PROVIDED DATA:

- - - -

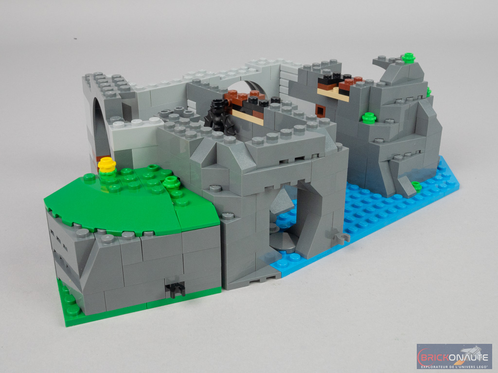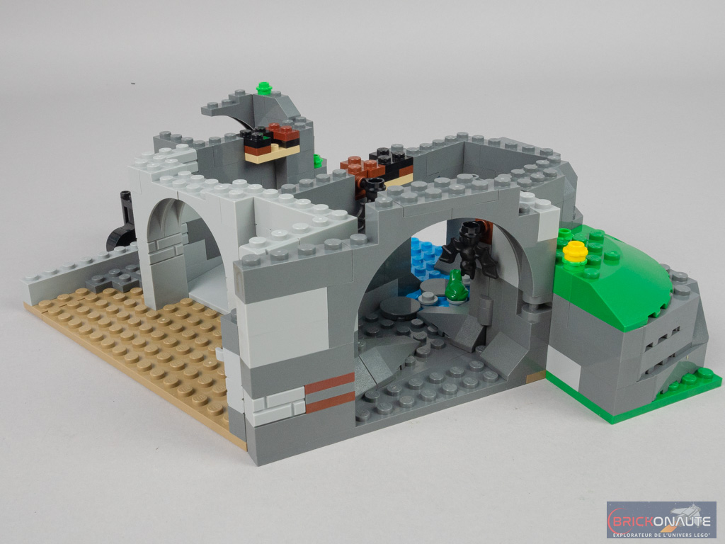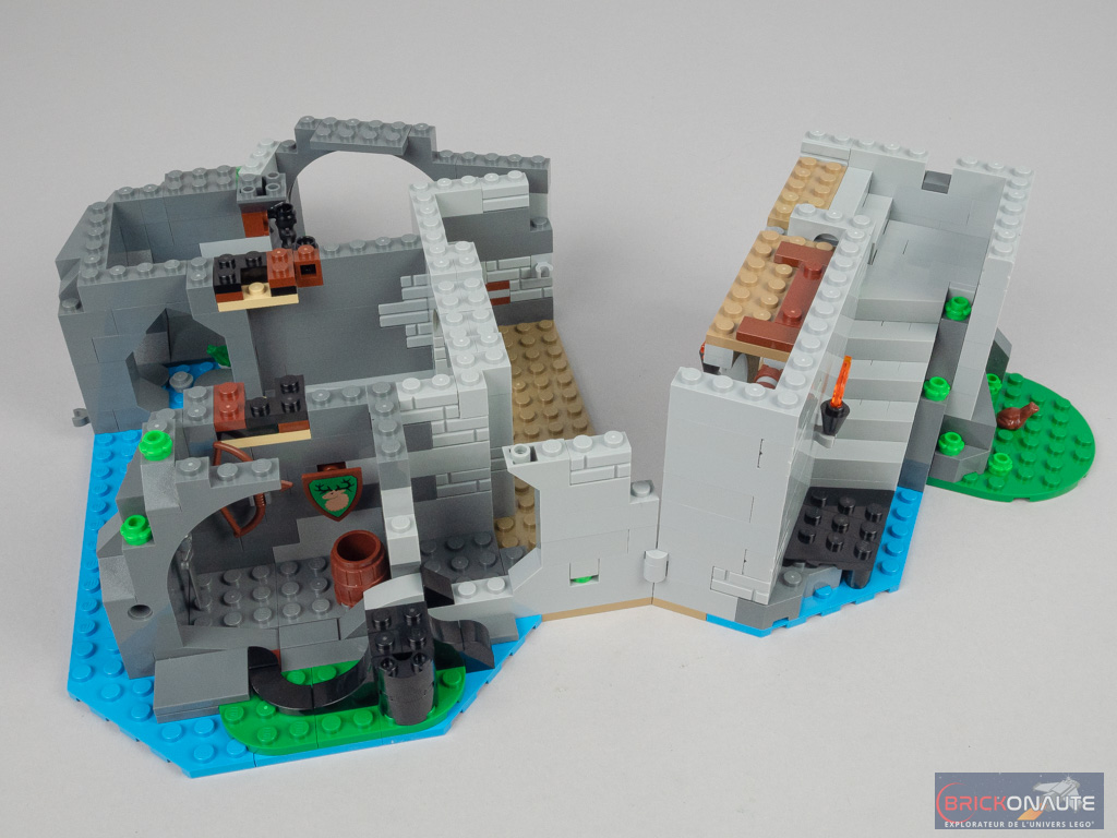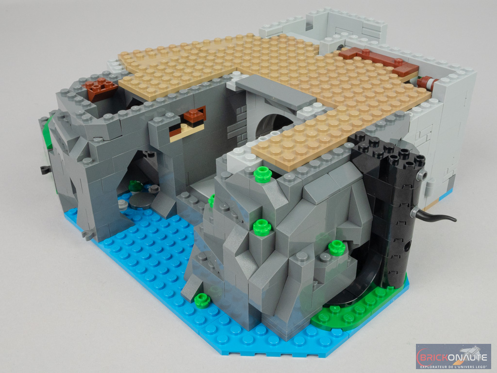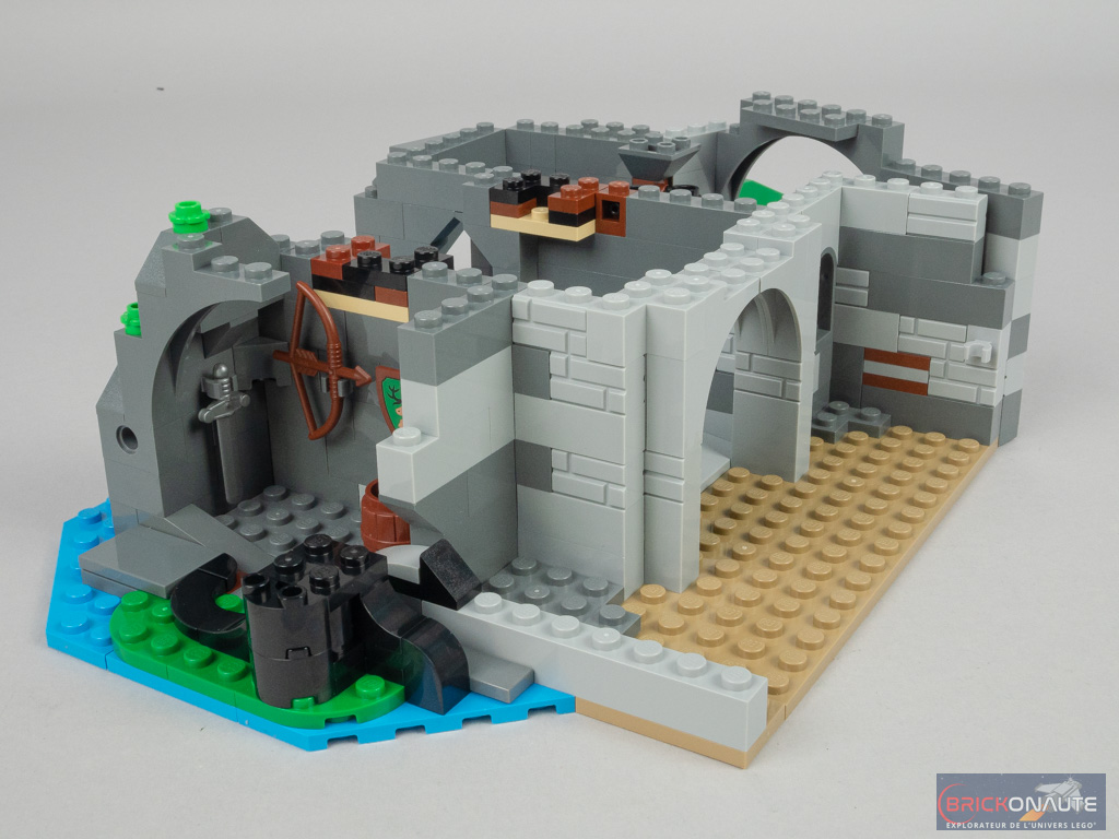 Nous continuons sur ce même module en élevant les parois pour constituer notamment plusieurs arches, futurs chemins d’accès au repaire caché des Forestmen. Côté extérieur, ce sont quelques rochers posés dans l’eau. Côté intérieur, on assemble deux cavernes peuplées de chauves-souris et un repaire caché contenant l’insigne des Forestmen ainsi que quelques armes.
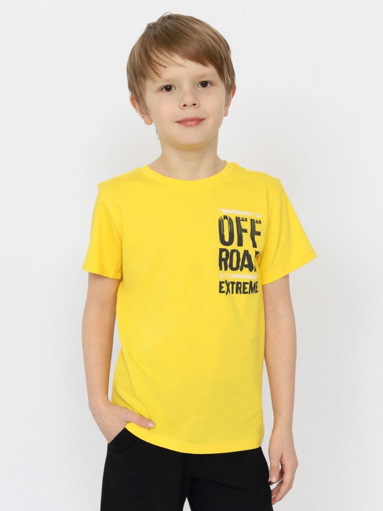 Футболка для мальчика с коротким рукавом из полотна с набивкой. Горловина обработана притачной бейкой из рибаны с лайкрой. Перед декорирован принтом.
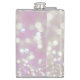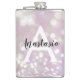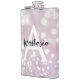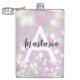 Girly pastel lilac shimmer bokeh glitter sparkles monogram name and initial flask. Personalise with your custom name in black and your monogram initial in white. You can change the text colour and font style and size using the customise option.

- - - -

TO DO:
Print the listing word for word but skip its pictures.

RESULT FOR THIS TASK:
 Nous continuons sur ce même module en élevant les parois pour constituer notamment plusieurs arches, futurs chemins d’accès au repaire caché des Forestmen. Côté extérieur, ce sont quelques rochers posés dans l’eau. Côté intérieur, on assemble deux cavernes peuplées de chauves-souris et un repaire caché contenant l’insigne des Forestmen ainsi que quelques armes.
 Футболка для мальчика с коротким рукавом из полотна с набивкой. Горловина обработана притачной бейкой из рибаны с лайкрой. Перед декорирован принтом.
 Girly pastel lilac shimmer bokeh glitter sparkles monogram name and initial flask. Personalise with your custom name in black and your monogram initial in white. You can change the text colour and font style and size using the customise option.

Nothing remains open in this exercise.